== Task objective ==
All that is wanted is the lines from the first line of the listing below through the line containing "中小企業者とは、以下に該当す", written out exactly with pictures left out.

== Given information ==
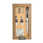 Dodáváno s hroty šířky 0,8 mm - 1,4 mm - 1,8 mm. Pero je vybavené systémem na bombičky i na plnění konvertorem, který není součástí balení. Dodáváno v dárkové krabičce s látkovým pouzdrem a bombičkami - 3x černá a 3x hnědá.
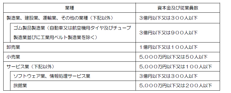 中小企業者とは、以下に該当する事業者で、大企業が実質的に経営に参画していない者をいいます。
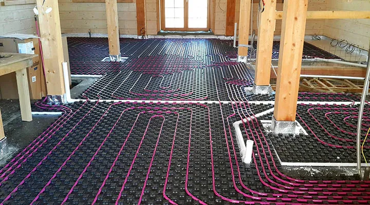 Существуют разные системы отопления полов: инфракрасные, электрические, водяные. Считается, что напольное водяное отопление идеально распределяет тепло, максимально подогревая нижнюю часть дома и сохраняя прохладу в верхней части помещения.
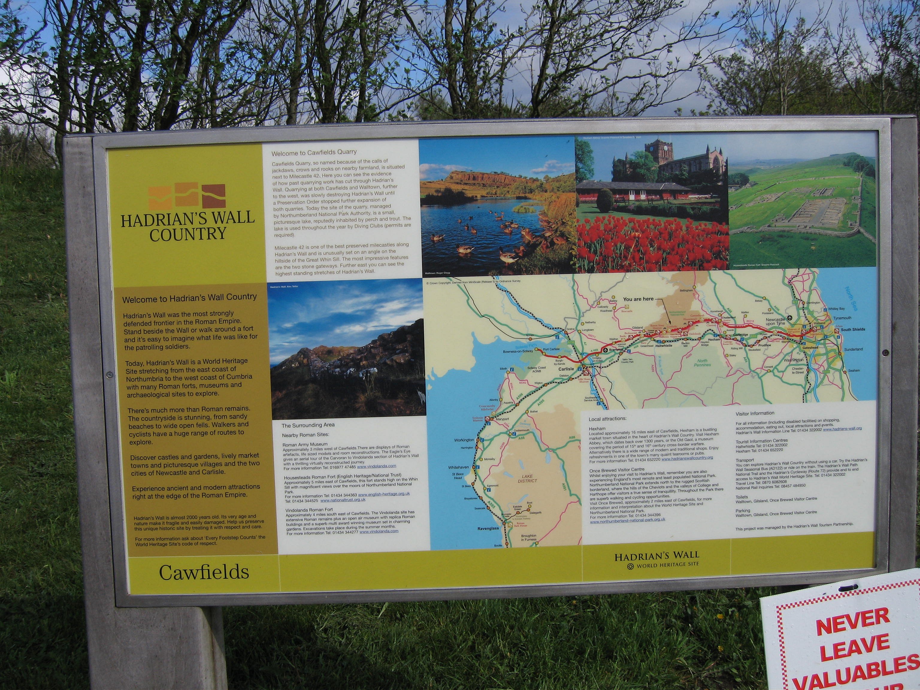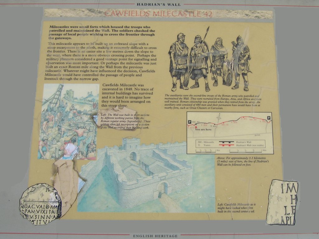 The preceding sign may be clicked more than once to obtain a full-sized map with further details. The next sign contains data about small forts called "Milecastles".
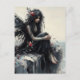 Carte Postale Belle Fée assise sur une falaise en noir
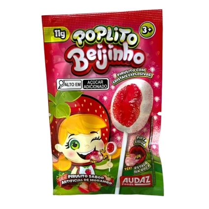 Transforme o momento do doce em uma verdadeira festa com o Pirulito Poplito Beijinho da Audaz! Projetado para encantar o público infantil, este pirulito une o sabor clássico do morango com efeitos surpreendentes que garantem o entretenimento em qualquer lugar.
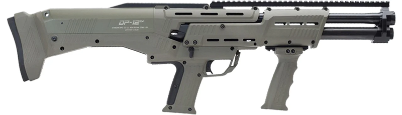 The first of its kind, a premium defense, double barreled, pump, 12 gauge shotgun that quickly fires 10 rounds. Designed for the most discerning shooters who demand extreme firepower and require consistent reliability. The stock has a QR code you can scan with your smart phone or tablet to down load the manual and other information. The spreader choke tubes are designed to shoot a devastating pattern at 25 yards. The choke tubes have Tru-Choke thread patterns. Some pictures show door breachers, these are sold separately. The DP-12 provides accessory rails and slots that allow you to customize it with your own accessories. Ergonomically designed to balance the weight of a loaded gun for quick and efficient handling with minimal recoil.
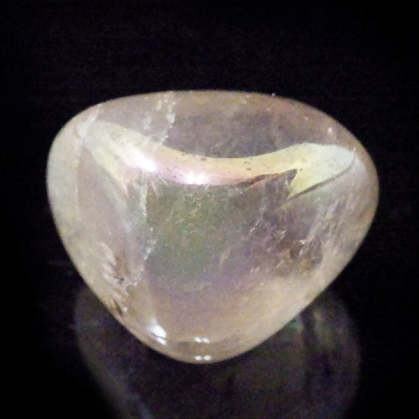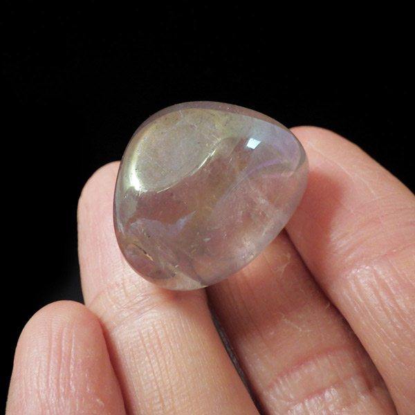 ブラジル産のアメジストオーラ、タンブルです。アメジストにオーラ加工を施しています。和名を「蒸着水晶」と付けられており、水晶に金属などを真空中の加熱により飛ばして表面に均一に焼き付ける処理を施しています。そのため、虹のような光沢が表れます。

== Your solution ==
 Dodáváno s hroty šířky 0,8 mm - 1,4 mm - 1,8 mm. Pero je vybavené systémem na bombičky i na plnění konvertorem, který není součástí balení. Dodáváno v dárkové krabičce s látkovým pouzdrem a bombičkami - 3x černá a 3x hnědá.
 中小企業者とは、以下に該当する事業者で、大企業が実質的に経営に参画していない者をいいます。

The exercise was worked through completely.